Q. To what extent can individual freedom – something so sacred to liberals – be limited?

A. All liberal societies have to [be able to] preserve their own institutions. When you get a political party, for example, that is anti-democratic or anti-liberal, that, if it gains power, it’s going to shut down freedom of expression, not going to permit future democratic elections and so forth, a liberal society has the right to defend itself.

During the Cold War, you had a number of communist parties in France, Italy and Spain that were anti-liberal… there was a lot of resistance to them being permitted to freely participate in the system because there was a fear that, if they came to power, they would never leave power. I think there was a similar suspicion of a lot of Islamist parties. That was one of the reasons for the reaction against the Muslim Brotherhood in Egypt. A liberal society must [have the ability] to protect itself from illiberal forces.

Q. Is there a risk of moving towards an illiberal world?

A. There are two separate threats right now. The most severe one is from a resurgent populist nationalism that’s represented by Orbán in Hungary, by Erdoğan in Turkey, by Modi in India, by Donald Trump in the United States. All of these people were legitimately elected… but they use their legitimacy to threaten illiberal institutions. They want to eliminate the independent court system, they want to shut down opposition media, they [weaponize] the justice system to go after their political opponents. Then, there’s a separate threat coming from the left, which mostly applies in cultural settings, because you don’t have a left that’s come to power in quite the same way, at least in Europe and in North America. In Latin America, it’s different, because you do have a populist left that has behaved in a very similar authoritarian way in Venezuela and Nicaragua.

Q. Are liberalism and democracy always fellow travellers?

A. They are allies and they support each other, but they don’t necessarily have to exist at the same time. Orbán wants an illiberal democracy, with elections, but without freedom of the press or belief or free opposition. There are also liberal societies without democracy, like Singapore: there is individual freedom, but there are no elections.

Q. What do you think of the recently deceased Mikhail Gorbachev?
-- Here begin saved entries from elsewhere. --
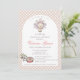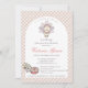 Convite para Chá de fraldas de Ação de Graças e Queda para uma menina. Possui uma linda garotinha peru e torta em um adorável fundo de gingham. A parte de trás é impressa com um padrão de penas gingham espalhadas.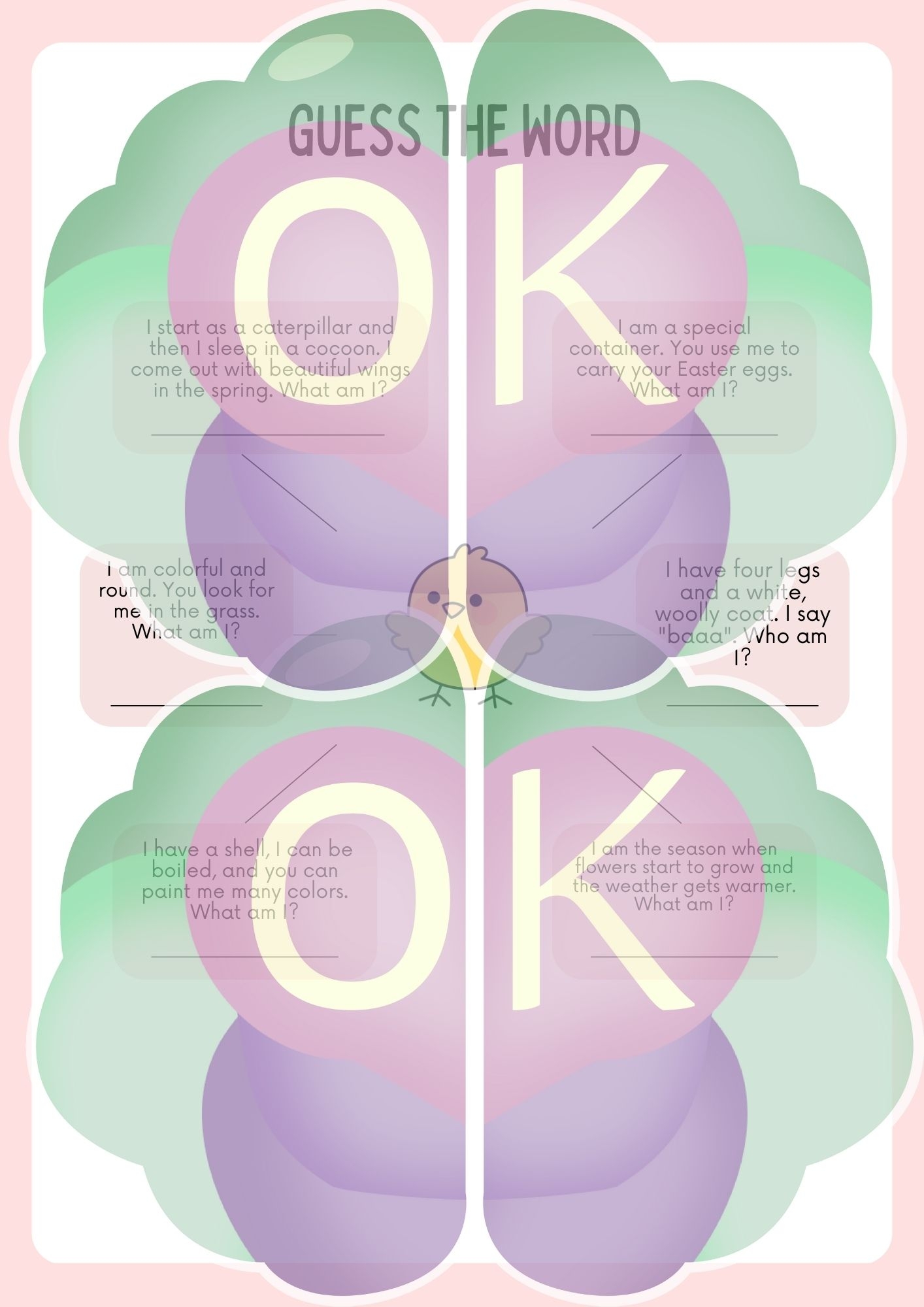 Materiały wizualne i zagadki: Estetyczne Flashcards do wprowadzania słówek oraz zestaw zagadek logicznych.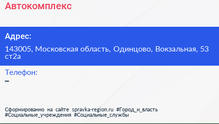 Автокомплекс по адресу 143005, Московская область, Одинцово, Вокзальная, 53 ст2а в дальнейшем Организация, размещена в следующих категориях: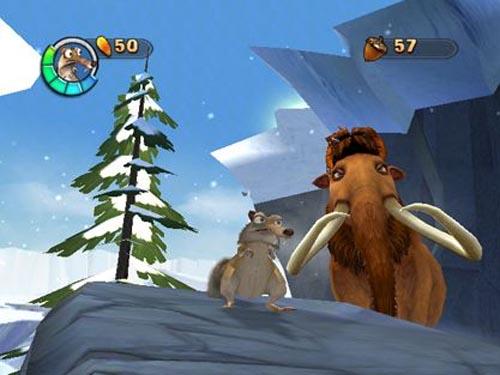 Tammenterhoja keräämällä aukeaa käyttöön bonusmateriaalina pelin valikoista löytyvien elokuvan ääninäyttelijöiden haastatteluita, kun taas pähkinöitä on aina kerättävä tietty määrä, jotta pääsisi etenemään seuraavaan tasoon. Tasoista puheen ollen, pelin tasosuunnittelu on varsin toimivaa ja Scratilla onkin hauska vipeltää luonnossa kiipeilemällä ja pomppimalla, sekä kohdata pelin hauskimpia kohtia, esimerkkinä kohta, jossa pelaajan täytyy vikkelästi hypellä pieneltä jäälautalta toiselle pähkinöiden keräämiseksi. Tasohyppelypelien yksin tärkeimmistä elementeistä ovat toki kontrollit sekä kameran käyttäytyminen ja onneksi Ice Age 2:ssa kummatkin näistä ovat hyvin onnistuneet. Pelikamera pysyy hyvin Scratin perässä ja hahmoa on helppo ohjata niin peliohjaimella kuin hiiri+näppäimistö yhdistelmälläkin. Itse suosin kyseisen pelin kohdalla enemmän tosin ensinnä mainittua, joskaan ei jälkimmäisessä vaihtoehdossakaan mitään vikaa ollut.

A. Well, he [leaves behind] a very mixed legacy. I think he remained a communist to the end. He didn’t want the Soviet Union to fall apart in the way that it did. But among communists, he had some very liberal tendencies. Glasnost was basically an appeal for greater freedom of expression… and that actually ended up undermining the former Soviet Union, because when people were allowed to speak freely, it turned out that, in many of the republics of the Soviet Union, what they said was: “I want my country to be separate from the Soviet Union.” It happened in the Baltics and in Ukraine and in many other places. Gorbachev did not intend for that to happen and he was very upset that it did. But I think, honestly, we have to admit that, without Gorbachev, all those countries would still be trapped in a Soviet dictatorship.

Q. In the 1990s, you spoke of “the end of history.” Now we talk more about the end of the world!

A. I never said that liberal democracy would triumph everywhere, or that it would be the system that would end all our problems. If you take something like climate change – especially generated by economic growth – I don’t think that liberal democracy is worse at managing it than authoritarian governments, as is sometimes thought. Democracies have been more efficient in reducing emissions. The Chinese economy, for example, is based on fossil fuels.

Q. How do you see the future of civilization?

A. I’m optimistic in the sense that I believe that there’s been a lot of progress. Historically, if we take a very long view of history, humans have been remarkably able to adapt and shape their world.